ACTIVITY
Note on the material below: return exactly the lines from the line that holds "The 2 litre foam chrome" through the line that holds "View on japanese", and leave out each picture.

──────── SUPPLIED RECORDS ────────

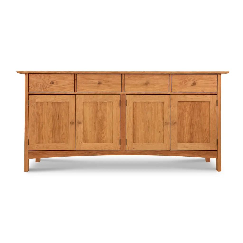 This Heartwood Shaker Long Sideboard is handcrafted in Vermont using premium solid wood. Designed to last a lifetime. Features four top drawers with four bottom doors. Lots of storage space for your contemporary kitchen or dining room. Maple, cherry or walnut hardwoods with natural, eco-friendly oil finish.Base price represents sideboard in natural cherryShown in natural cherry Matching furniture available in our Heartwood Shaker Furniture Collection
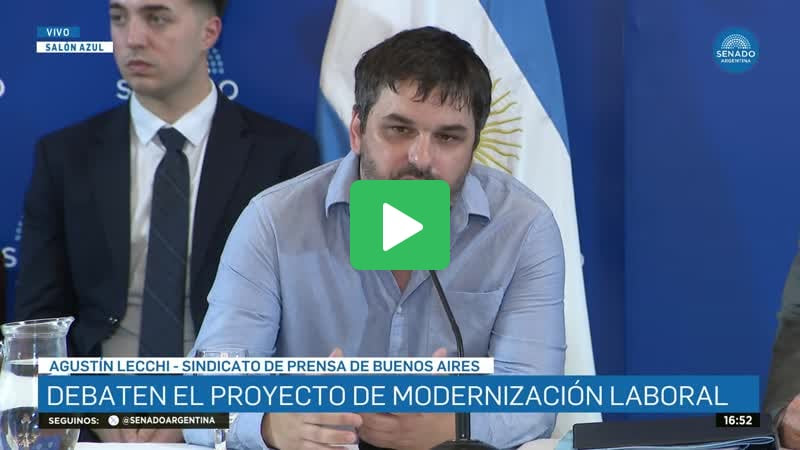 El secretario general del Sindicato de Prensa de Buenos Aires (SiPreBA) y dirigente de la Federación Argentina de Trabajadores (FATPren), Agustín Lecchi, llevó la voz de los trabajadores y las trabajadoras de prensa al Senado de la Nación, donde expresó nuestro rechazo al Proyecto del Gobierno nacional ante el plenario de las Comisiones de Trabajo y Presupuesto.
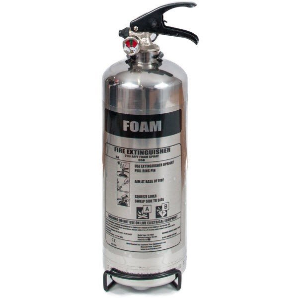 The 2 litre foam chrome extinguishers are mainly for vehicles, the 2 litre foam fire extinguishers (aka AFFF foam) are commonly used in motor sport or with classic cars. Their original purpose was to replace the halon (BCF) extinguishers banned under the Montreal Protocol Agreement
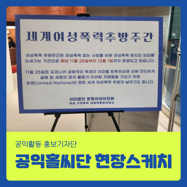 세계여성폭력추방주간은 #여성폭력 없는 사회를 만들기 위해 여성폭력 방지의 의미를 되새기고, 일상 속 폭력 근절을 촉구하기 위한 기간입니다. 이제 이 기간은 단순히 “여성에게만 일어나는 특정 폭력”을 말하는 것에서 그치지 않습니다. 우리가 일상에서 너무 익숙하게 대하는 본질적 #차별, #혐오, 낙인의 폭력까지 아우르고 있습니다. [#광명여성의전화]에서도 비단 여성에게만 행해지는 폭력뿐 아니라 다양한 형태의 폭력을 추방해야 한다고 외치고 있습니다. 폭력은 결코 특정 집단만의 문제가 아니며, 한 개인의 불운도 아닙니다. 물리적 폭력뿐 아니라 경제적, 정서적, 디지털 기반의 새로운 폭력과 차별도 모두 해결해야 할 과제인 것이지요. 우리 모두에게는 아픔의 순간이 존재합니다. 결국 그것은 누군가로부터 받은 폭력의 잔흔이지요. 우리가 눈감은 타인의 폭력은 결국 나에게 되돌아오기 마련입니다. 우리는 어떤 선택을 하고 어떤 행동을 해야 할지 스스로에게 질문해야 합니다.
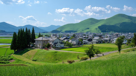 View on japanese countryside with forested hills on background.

────────
──────── SUPPLIED RECORDS ────────

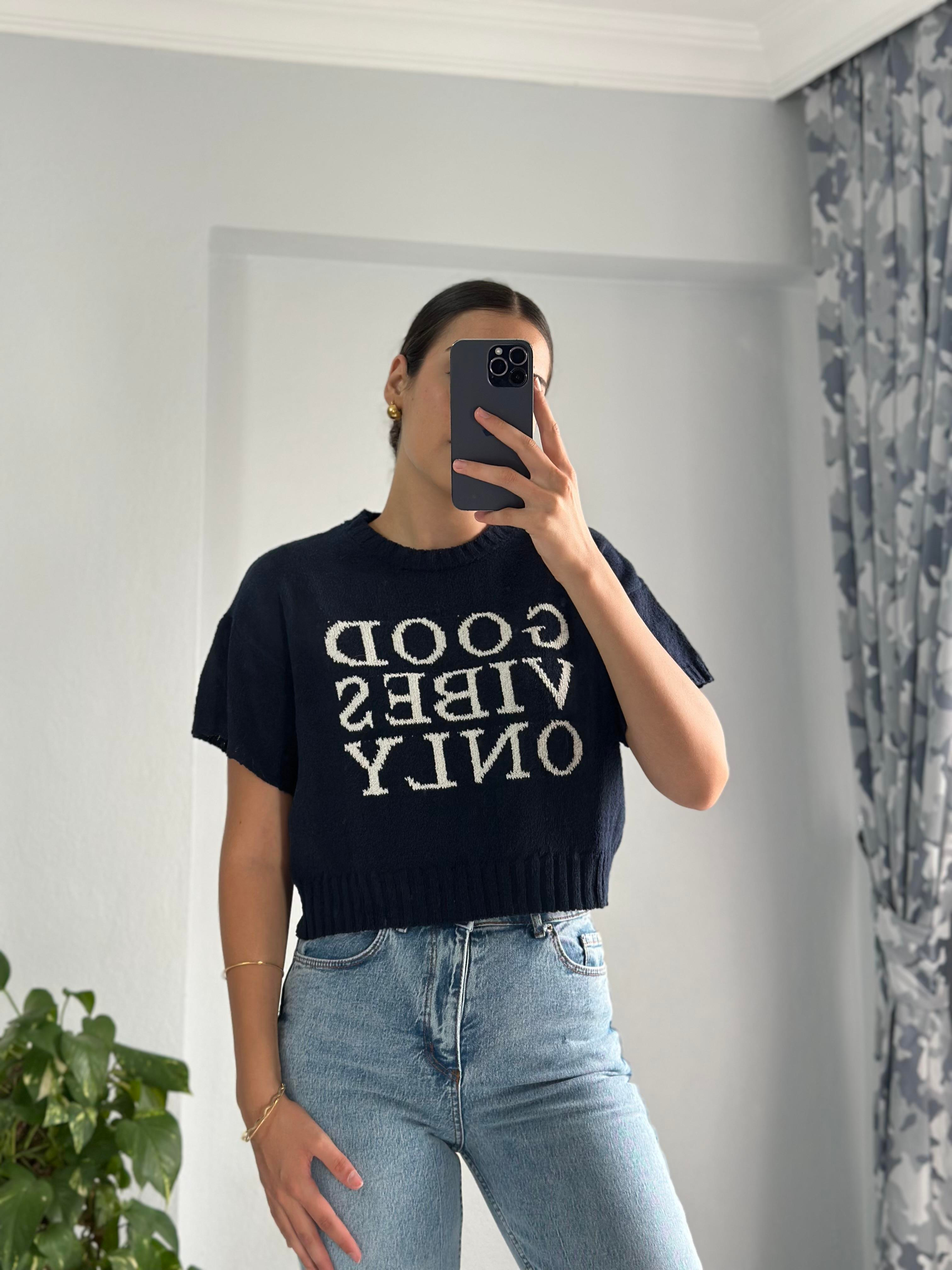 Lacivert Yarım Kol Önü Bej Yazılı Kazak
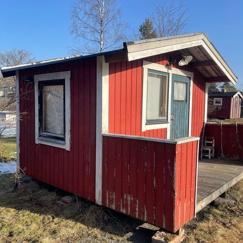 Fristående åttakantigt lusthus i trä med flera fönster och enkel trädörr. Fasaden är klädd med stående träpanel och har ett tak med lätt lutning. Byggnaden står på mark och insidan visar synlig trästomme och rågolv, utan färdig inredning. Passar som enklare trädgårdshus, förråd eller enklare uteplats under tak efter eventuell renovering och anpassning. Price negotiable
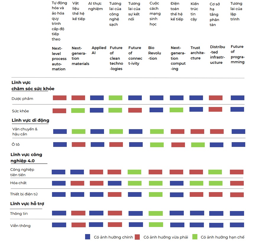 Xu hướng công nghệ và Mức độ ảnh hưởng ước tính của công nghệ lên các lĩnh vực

────────

WRITTEN ANSWER
 The 2 litre foam chrome extinguishers are mainly for vehicles, the 2 litre foam fire extinguishers (aka AFFF foam) are commonly used in motor sport or with classic cars. Their original purpose was to replace the halon (BCF) extinguishers banned under the Montreal Protocol Agreement
 세계여성폭력추방주간은 #여성폭력 없는 사회를 만들기 위해 여성폭력 방지의 의미를 되새기고, 일상 속 폭력 근절을 촉구하기 위한 기간입니다. 이제 이 기간은 단순히 “여성에게만 일어나는 특정 폭력”을 말하는 것에서 그치지 않습니다. 우리가 일상에서 너무 익숙하게 대하는 본질적 #차별, #혐오, 낙인의 폭력까지 아우르고 있습니다. [#광명여성의전화]에서도 비단 여성에게만 행해지는 폭력뿐 아니라 다양한 형태의 폭력을 추방해야 한다고 외치고 있습니다. 폭력은 결코 특정 집단만의 문제가 아니며, 한 개인의 불운도 아닙니다. 물리적 폭력뿐 아니라 경제적, 정서적, 디지털 기반의 새로운 폭력과 차별도 모두 해결해야 할 과제인 것이지요. 우리 모두에게는 아픔의 순간이 존재합니다. 결국 그것은 누군가로부터 받은 폭력의 잔흔이지요. 우리가 눈감은 타인의 폭력은 결국 나에게 되돌아오기 마련입니다. 우리는 어떤 선택을 하고 어떤 행동을 해야 할지 스스로에게 질문해야 합니다.
 View on japanese countryside with forested hills on background.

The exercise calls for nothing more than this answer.